A big believer in family first, Helen cared for her mother until her passing in 1997, while her brother, Stanley Jr., spent months at a time away from home making a living as a captain on trade ships. Helen demonstrated the same devotion in her professional life as the head secretary for a Morris County-based elevator company. Characteristic of a generation of Depression-Era Americans, Helen was a sparky, frugal, no-nonsense woman who didn’t believe in quitting or shying away from personal responsibility. She designed and sewed her own clothes; she decorated the walls of her home with her own oil paintings; she adored musicals on Broadway and on the big screen; she traveled throughout Western Europe during the height of the Cold War, and she never lived without a pet dog. When asked, at age 92, her secret for longevity, she replied: “A glass of red wine, once a day” — and with a wry smile — “for medicinal purposes.”

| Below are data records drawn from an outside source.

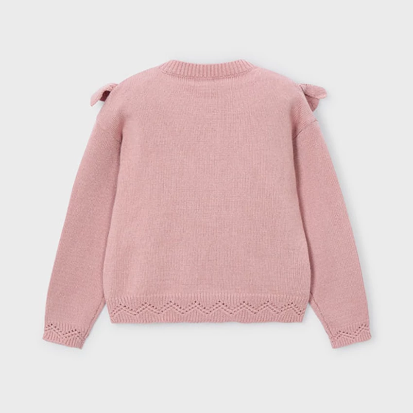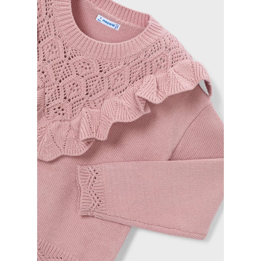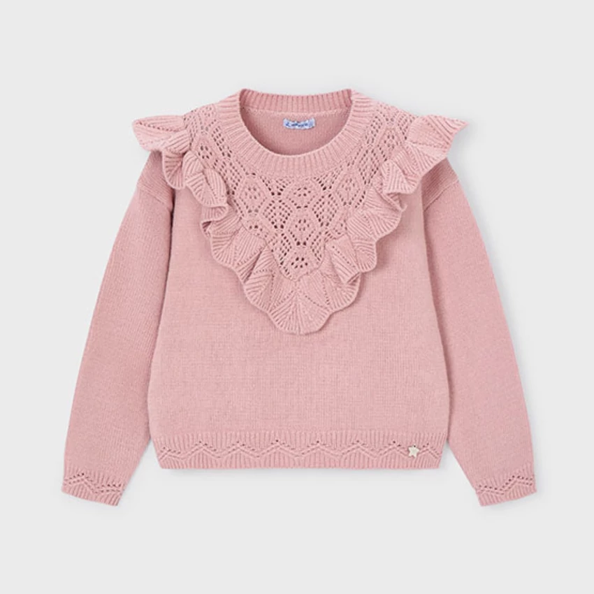 | Mayoral gyönyörű elöl fodorral díszített kötött pulóver pihe-puha finom kötött anyagból készült, kerek nyakkal, mellrésznél, ujjain és az alján lyukmintával díszített, nagyon egyedi csinos viselet őszre-télre. 2025 TÉL | |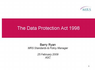 The Data Protection Act 1998 PowerPoint PPT Presentation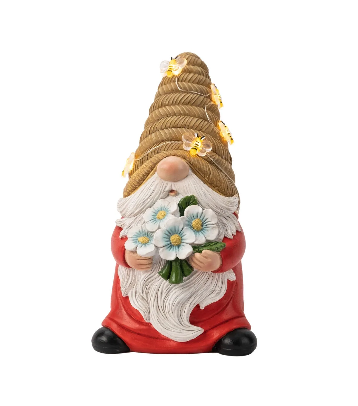 9" Spring Gnome With Bee Hat Outdoor Solar Garden Statue by Place & Time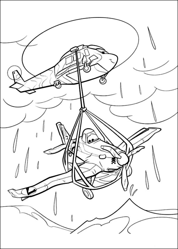 Descriere: Coloreaza scena cu Dusty Crophopper din desenele animate Planes cand este scos din ocean.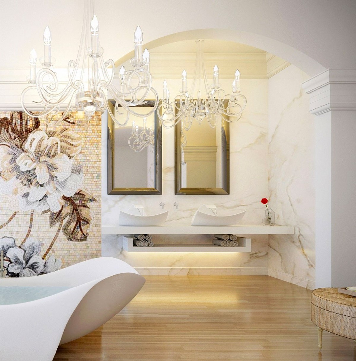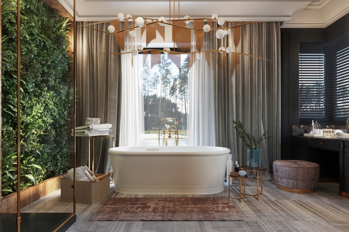 Suspend lighting over the tub. Nothing else has quite the same decadence in a bathroom like a piece of statement lighting suspended over a freestanding bathtub; be it a sparkling chandelier or shining globe pendant lights.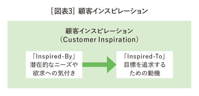 インスピレーションは、製品設計や工学の分野においては古くから知られている考え方であるが、マーケティングの研究に導入されたのは最近のことである。Böttger et al.(2017)は、消費者(顧客)の視点でインスピレーションを定義しており、「マーケティングによって引き起こされ、アイデアを受け入れ、消費に関連する目標追求への動機を促進する一時的な状態」であると示す。この顧客インスピレーションは、「認知的要素」である“inspired-by”と「動機付け要素」である“inspired-to”の2つの構成要素から成り立つものとしている。“inspired-by”は潜在的なニーズや欲求への突然の気付きに関連し、“inspired-to”は消費関連の目標を追求するための動機に関連しており、10項目の測定尺度を開発している([図表3]を参照、測定した結果は次章で示す)。

Shortly after retiring, Helen moved with her brother to Citrus County, Florida, in January of 1998. They built a house in Citrus Hills and to this day Helen has lived in the same neighborhood as her beloved sister, Anne, and her nephew, Theodore.

Helen is survived by her two nephews: Theodore J. Lewan, Jr. and Darren Daniel Lewan; her two nieces Bettina Lewan and Andria Plamondon and numerous neighbors and friends.

In lieu of flowers, her family asks that donations be made to the Vitas Inpatient Hospice Unit of Citrus County, 3350 W. Audubon Park Path, Lecanto, FL, 33461.

Helen was a dynamic, resilient woman to the very end. She will be deeply missed but most importantly, Helen will never be forgotten.